AngelL wrote:
I've been around here for a couple months, but just got dx'd today, like the title said. I knew it was coming, but still feels a little surreal. I'm 56 years old... ASD level 2. I'm relieved and angry. Hopeful and resentful. Kind of an emotional cornucopia right now. I don't know what the point of this post is actually.... but it seemed appropriate somehow.
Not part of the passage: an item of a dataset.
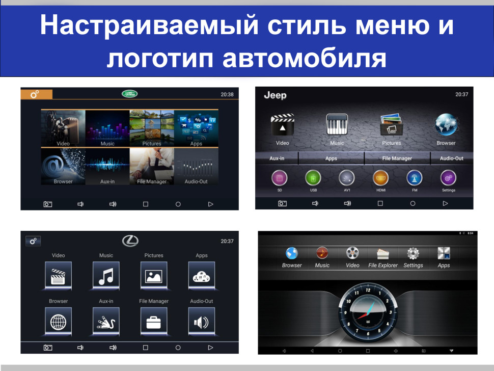 - Встроенные лаунчеры фирменных оболочек меню (BMW/AUDI/MERCEDES BENZ/LAND ROVER и др.)

Hello hello! I'm not sure if I'm allowed to say 'congrats' because I'm still waiting to even *see* a doctor (#16 rejected me yesterday- yipee) but my primary care gave me rudimentary evaluations and the kind people here shared some resources that all but confirmed I have some form of Aspergers and (was) very, very good at masking. A mental breakdown took that ability away.
I. Feel. Your. Anger.
The people who made me got my younger brothers help, but told me that girls were just flighty, spacey, that I specifically was just stupid, trying to get attention, trying to make them look bad, and the BEST ONE they said was "You're just copying what you see"
Which was the only partly true thing- apparently thats masking. I just assumed every human grew up watching and mimicking and thats how society existed. No idea it was supposed to be natural.
Take your time.
Ride your emotions like waves and be patient with yourself. I imagine there's a bizarre peace beneath the anger, and I sincerely hope its pleasant for you.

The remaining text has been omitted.